__Task item__: An exact transcription is needed, beginning at the line with "Long sleeve lace" and ending at the last line of the listing, with pictures left out and nothing else added.

__Data shown__:
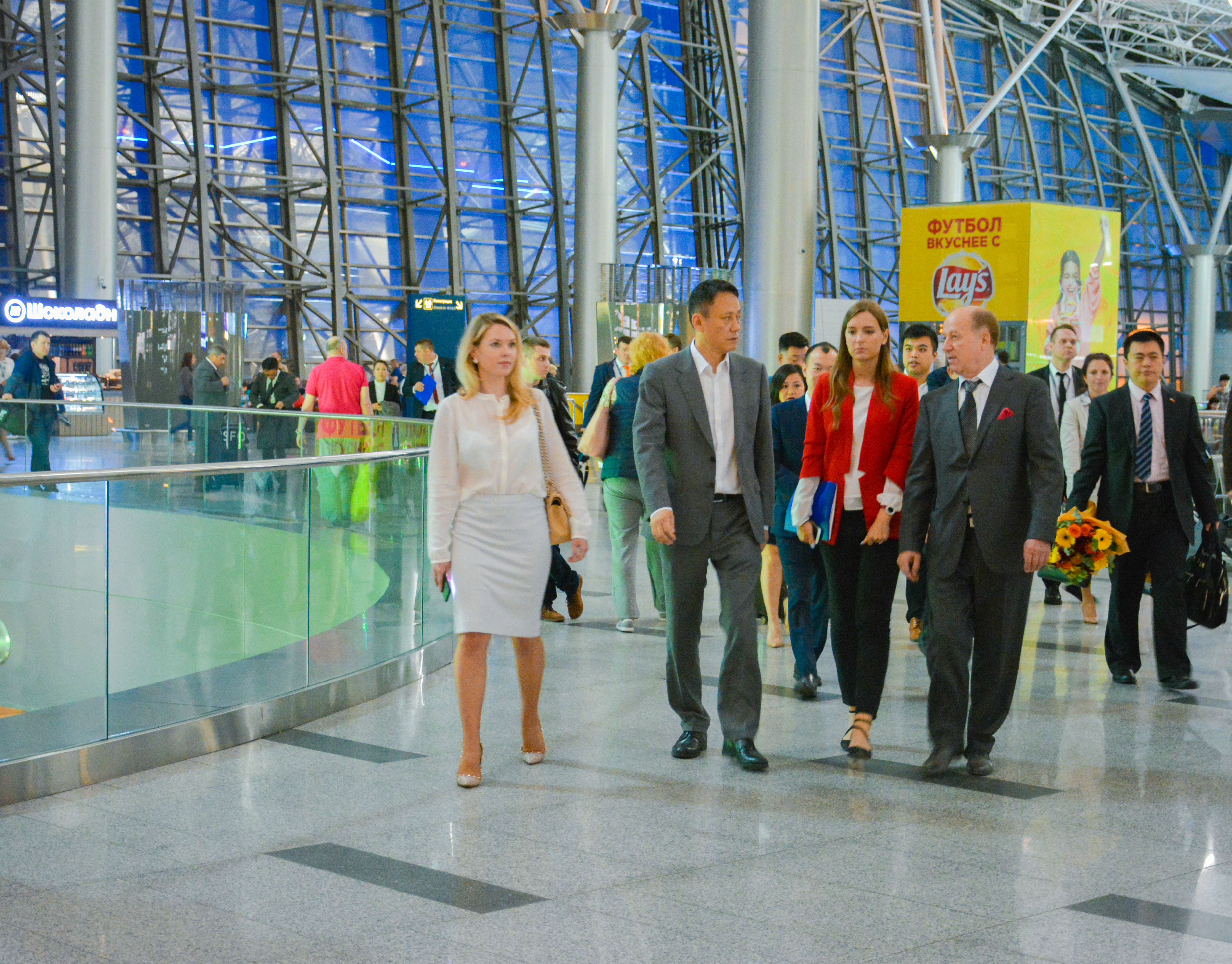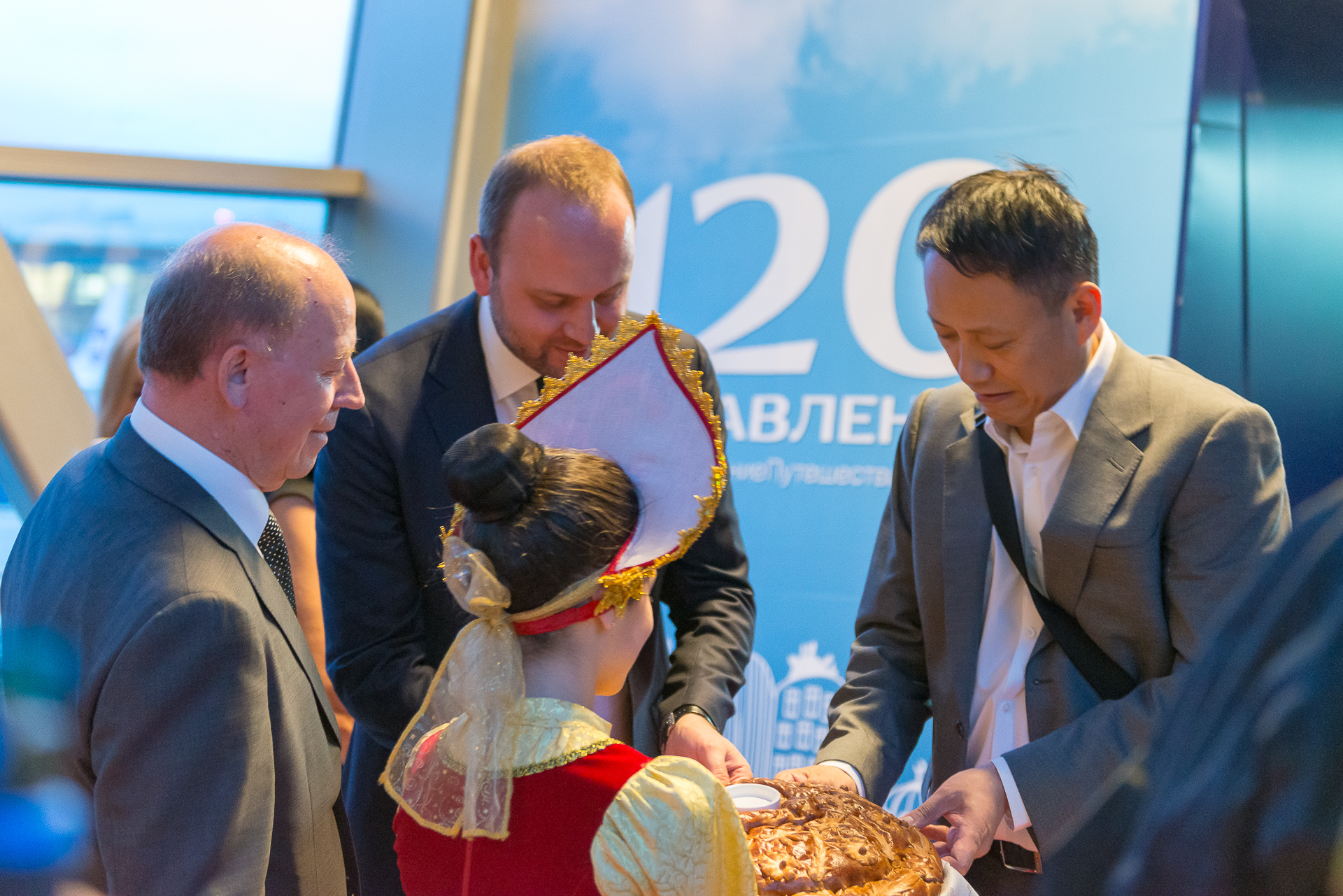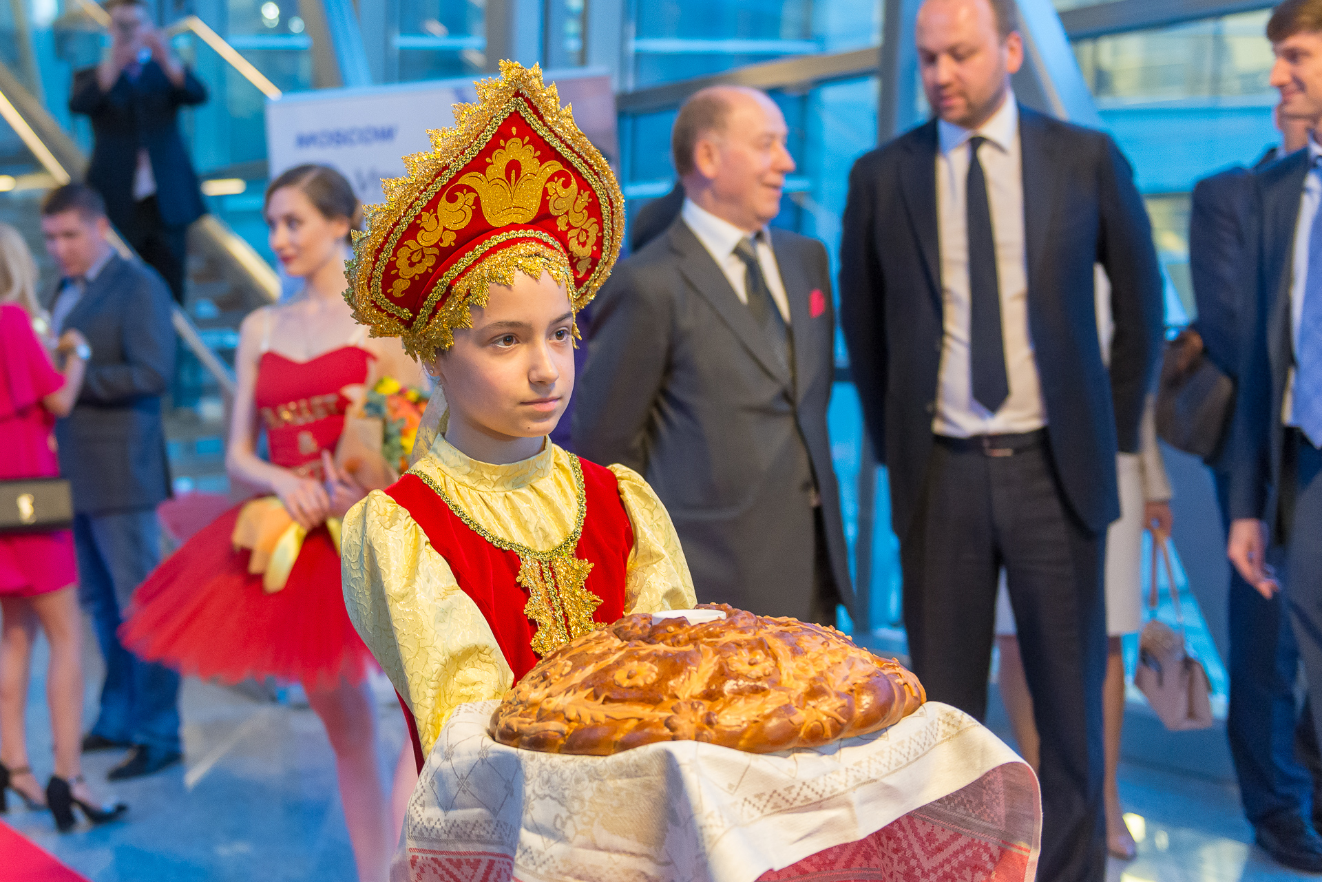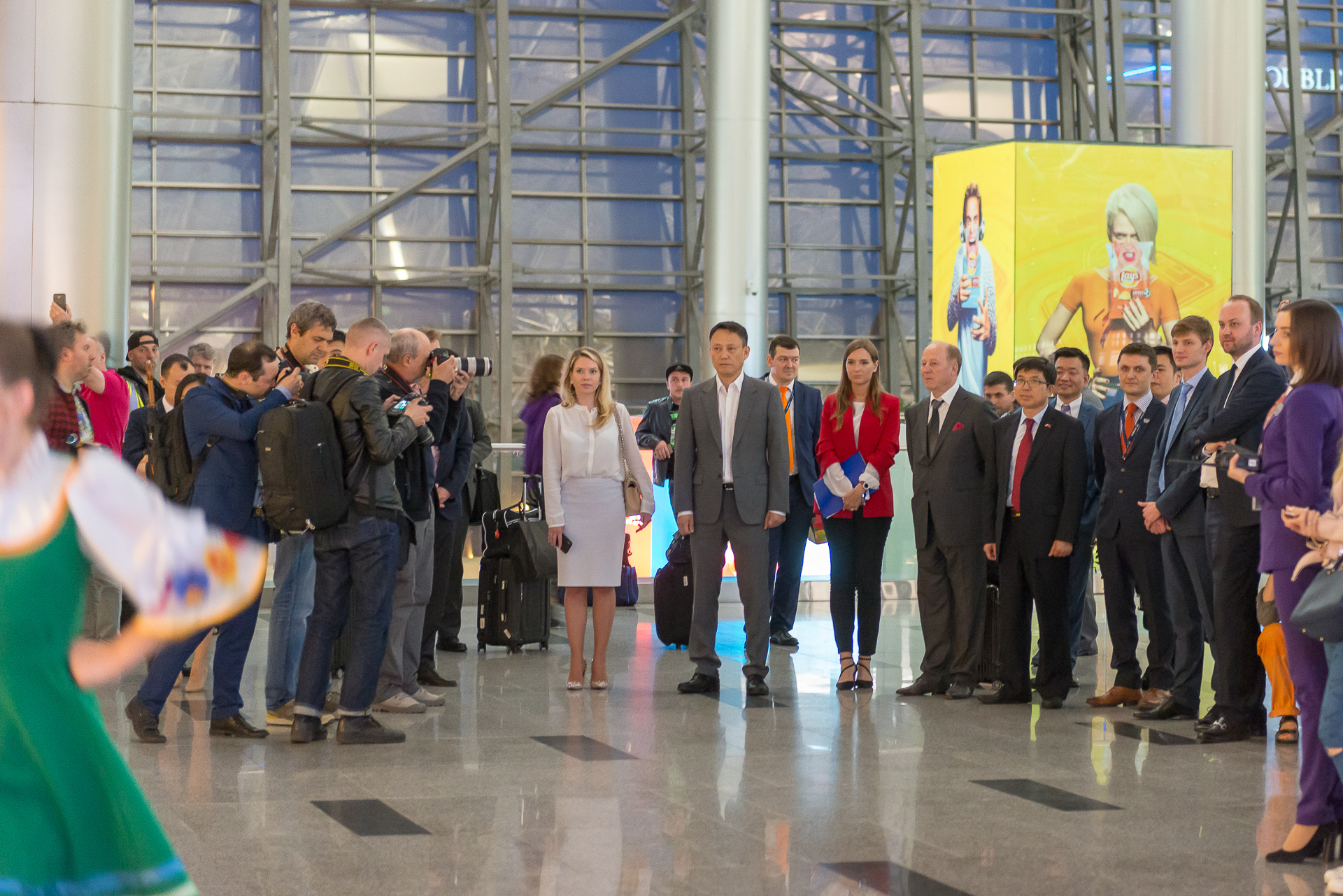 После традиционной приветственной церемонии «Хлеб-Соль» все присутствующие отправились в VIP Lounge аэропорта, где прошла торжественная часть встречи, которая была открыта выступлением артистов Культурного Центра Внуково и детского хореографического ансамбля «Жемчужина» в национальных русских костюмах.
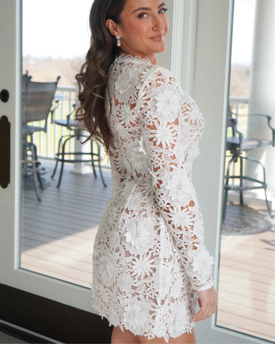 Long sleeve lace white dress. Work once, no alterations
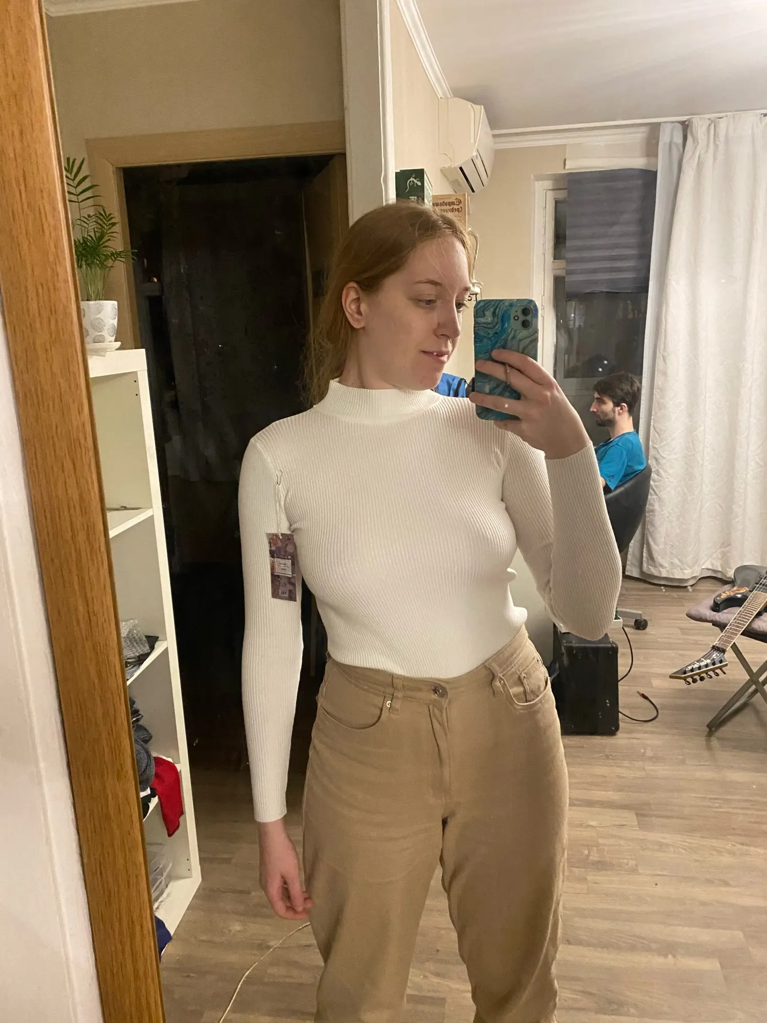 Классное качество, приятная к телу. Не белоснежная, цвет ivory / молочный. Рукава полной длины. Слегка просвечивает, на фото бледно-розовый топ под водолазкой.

__Answer__:
 Long sleeve lace white dress. Work once, no alterations
 Классное качество, приятная к телу. Не белоснежная, цвет ivory / молочный. Рукава полной длины. Слегка просвечивает, на фото бледно-розовый топ под водолазкой.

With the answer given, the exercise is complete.